The initial aim of GEO—to function as a robust, versatile high-throughput data repository—has been accomplished. As of fall 2004, GEO holds over 30 000 submissions representing approximately half a billion individual molecular abundance measurements, for over 100 organisms, submitted by over 600 researchers. Typically, GEO records are accessed over 15 000 times each weekday by over 1000 unique users, and bulk FTP downloads average 30 000 per month. Although GEO represents a huge reservoir of gene expression data that is widely used by the scientific community, it was recognized that the full potential of the repository could only be achieved by making these data easy to search and analyze, even by individuals having little experience in the field, without the need of massive data downloads. This paper describes database developments and tools that enable effective exploration, query and visualization of hundreds of experiments and millions of gene expression profiles using user-friendly Web-based interfaces.
REPOSITORY ORGANIZATION AND DATA FLOW
The principle architecture of the GEO database remains as described previously (1).
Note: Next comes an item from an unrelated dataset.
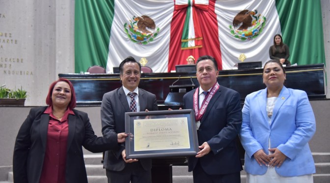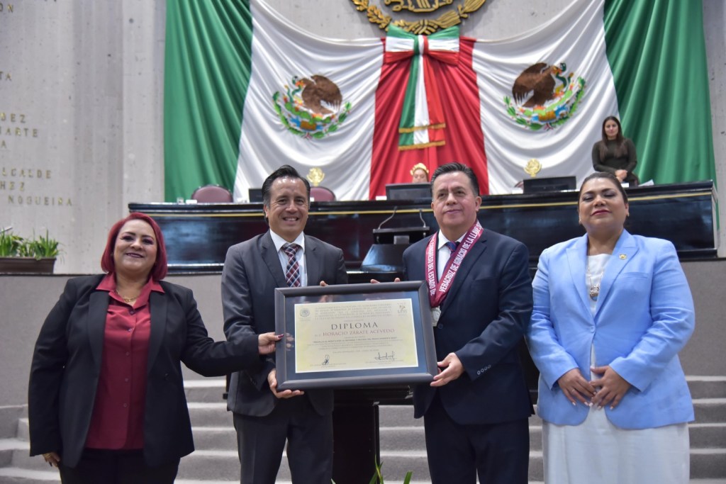 Por su incansable promoción de las energías limpias y la generación de proyectos ante el Cambio Climático, la LXVI Legislatura de Veracruz entregó a Horacio Zárate Acevedo, en Sesión Solemne, la Medalla al Mérito por la Defensa y Mejora del Medio Ambiente 2024.

Briefly, data submitted to GEO are stored in a relational database partitioned into three upper-level entity types: Platform, Sample and Series. A Platform describes the list of elements (e.g. oligonucleotide probesets, cDNAs, SAGE tags, antibodies) being assayed or that may be detected and quantified in that experiment. A Sample references a Platform and describes the abundance measurement of each feature element for a single hybridization or experimental condition. A Series brings together related Samples that make up an experiment and may include tables of extracted summary sets of significant genes or analysis as defined by the submitter. Each individual entity is assigned a unique and stable accession number; the accession number prefix indicates whether the record is a GEO Platform (GPL), Sample (GSM), or Series (GSE).
Unlike metadata that are stored in designated fields within database tables, Platform and Sample data tables are not fully granulated, but are stored as text objects. This design allows GEO to remain adaptable and responsive to developing technology trends, as it permits optimal flexibility in the quantity and type of data stored. For example, Platform elements may be described by any number of auxiliary attributes, and Sample data tables may contain all classes of supplementary and supporting measurements and calculations. The data within these tables may be extracted for higher-level rendering, indexing, search and retrieval purposes. Recent enhancements to the database include addition of supplementary metadata fields intended to facilitate and encourage MIAME (Minimum Information About Microarray Experiment) compliant data submissions (2), and acceptance of raw data contributions for storage and retrieval, e.g. Affymetrix .cel files or cDNA array scanned images.
Submission and standards
GEO aims at a balance between a submission procedure that is user-friendly and not overly rigid, while still encouraging high-quality data and a high level of experimental annotation. An infrastructure is provided so that submitters can present their data in a MIAME-compliant fashion (2). Submissions are validated syntactically according to a limited set of criteria and are subject to basic curation, assuring that records contain meaningful information and are organized correctly. Data depositors retain editorial control and are responsible for the content and quality of their records as outlined in the open letter published recently by the Microarray Gene Expression Data (MGED) Society board (3). GEO obviously could not attempt to independently verify the validity, merit, quality or biological significance of submitted data.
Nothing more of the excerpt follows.